• _YOUR OBJECTIVE_
Although the data below holds other lines too, output only those from the line with "楓林小鎮(zhèn)160㎡" up to and including the line with "PROPORCZYK RTS WIDZEW", exactly as they appear.

• _PROVIDED DATA_
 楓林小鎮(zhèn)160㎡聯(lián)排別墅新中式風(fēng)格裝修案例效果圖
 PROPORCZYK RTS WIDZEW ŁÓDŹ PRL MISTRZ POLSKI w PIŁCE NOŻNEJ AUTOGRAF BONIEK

* * *

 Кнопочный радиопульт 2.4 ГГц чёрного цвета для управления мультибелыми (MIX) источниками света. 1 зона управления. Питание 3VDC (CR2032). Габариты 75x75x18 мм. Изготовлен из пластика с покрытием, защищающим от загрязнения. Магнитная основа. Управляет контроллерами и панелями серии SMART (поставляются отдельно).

• _EXERCISE RESPONSE_
 楓林小鎮(zhèn)160㎡聯(lián)排別墅新中式風(fēng)格裝修案例效果圖
 PROPORCZYK RTS WIDZEW ŁÓDŹ PRL MISTRZ POLSKI w PIŁCE NOŻNEJ AUTOGRAF BONIEK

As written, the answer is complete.